Efforts to Renew the Ban Assault Weapons

assault-weapon

On March 2, 2004, with the ‘sunset’ of the ban on the horizon, assault weapon ban supporter Senator Dianne Feinstein (D-Calif.) attached a ten-year extension to the 1994 Assault Weapons Ban to the Senate’s Protection of Lawful Commerce in Arms Act. With the Feinstein amendment, the bill was voted down 8-90.

Assault Weapons Ban and Law Enforcement Protection Act of 2007.

In February 2007 a bill, H.R. 1022, called the Assault Weapons Ban and Law Enforcement Protection Act of 2007 sponsored by Representative Carolyn McCarthy of New York (D) was introduced that would reinstitute and expand the ban on assault weapons.

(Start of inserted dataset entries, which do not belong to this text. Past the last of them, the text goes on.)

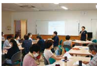
健康まなびや「口腔体操」 7/26（水） 玉穂総合会館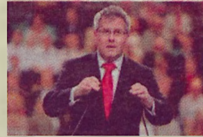
Ryszard Czarnecki wiceprzewodniczący Parlamentu Europejskiego

Znam i cenię Zdzisława Czaplę od lat. Takich ludzi potrzeba dziś polskiemu samorządowi - oddanych, doświadczonych, zaangażowanych. Proszę o głos na Burmistrza Zdzisława Czaplę.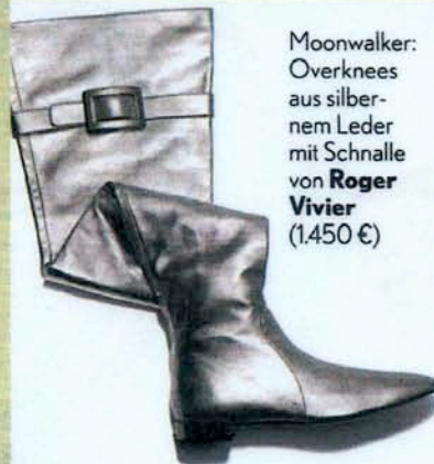
Moonwalker: Overknees aus silbernem Leder mit Schnalle von Roger Vivier (1.450 €)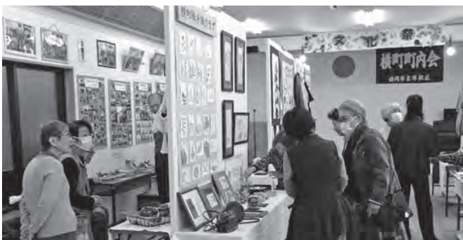
▲ 和気あいあいふれあい楽しい横町町内文化祭

10月8日(土)と9日(日)の2日間、横町町の文化祭が開催されました。町内の数多くの住民が個性豊かな作品を展示し、コーヒー等飲み物も提供されサロンのようにふれあいを深め笑顔溢れる文化祭でした。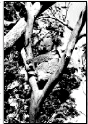
Aparentemente este es un "tree stand." típico Australiano Editorial

Al vivir en un país tan alejado del mercado mayoritario del tiro con arco, como lo es Australia, encontrar tiendas de arqueología y además bien abastecidas es una tarea casi imposible. No tenemos tiendas en cada ciudad o pueblo, como sucede en USA. Todo nuestro material lo tenemos que adquirir por catálogo sin poder verlo ni probarlo. Tal y como sucedió al comprar mi propio arco, tuve que escuchar los consejos y aplicar las experiencias de otros arqueros que conocía. Pero para niños, esto no era fácil. Por ello tuve que utilizar el mejor "juguete" que tenemos disponible hoy en día, "Internet". ¡Hi ho, hi ho, surfeando por las páginas web de tiro con arco de nuevo, qué divertido!. Sólo que esta vez para ayudar a mi hijo de 4 años.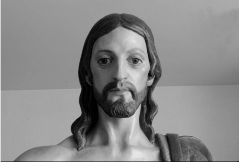
Fig. 10. Cristo Resucitado (Detalle)

It reduces the number of requirements for a firearm to be classified as an assault weapon from two to one. It additionally includes, in H.R. 1022 Section L, the expansion of the legal term assault weapon to any:

“… semiautomatic rifle or shotgun originally designed for military or law enforcement use, or a firearm based on the design of such a firearm, that is not particularly suitable for sporting purposes, as determined by the Attorney General. In making the determination, there shall be a rebuttalable presumption that a firearm procured for use by the United States military or any Federal law enforcement agency is not particularly suitable for sporting purposes, and a firearm shall not be determined to be particularly suitable for sporting purposes solely because the firearm is suitable for use in a sporting event.”

On the April 18, 2007 showing of MSNBC’s program, Tucker, Tucker Carlson interviewed McCarthy concerning the Virginia Tech massacre and her proposed reauthorization of the Assault Weapons Ban. He asked her to explain the need to regulate barrel shrouds, one of the many provisions of the Act. She responded that more importantly the legislation would ban large capacity “clips” used in the Virginia Tech massacre and that the class of guns chosen were those used by gangs and police killers. However, the Virginia Tech shooter did not have high capacity magazines; they were the AWB compliant 10 round variety. After admitting that she did not know what a barrel shroud was, McCarthy incorrectly stated, “I believe it is a shoulder thing that goes up”.

The Bill was referred to the United States House Judiciary Subcommittee on Crime, Terrorism, and Homeland Security on March 19, 2007. As of December 17, 2007, the bill had 60 cosponsors.

This bill never became law.

Assault Weapons Ban Reauthorization Act of 2008

H.R. 6257 was introduced by Mark Kirk (R Ill.-10) on 12 June 2008 and sought to re-instate the Assault Weapons Ban for a period of ten years, as well as to expand the list of banned weapons. This bill was referred to the Subcommittee on Crime, Terrorism, and Homeland Security on July 28, 2008. It had four co-sponsors supporting it: Michael N. Castle (R Del.-1), Mike Ferguson (R N.J.-7), Ileana Ros-Lehtinen (R Fla.-18) and Christopher Shays (R Conn.-4).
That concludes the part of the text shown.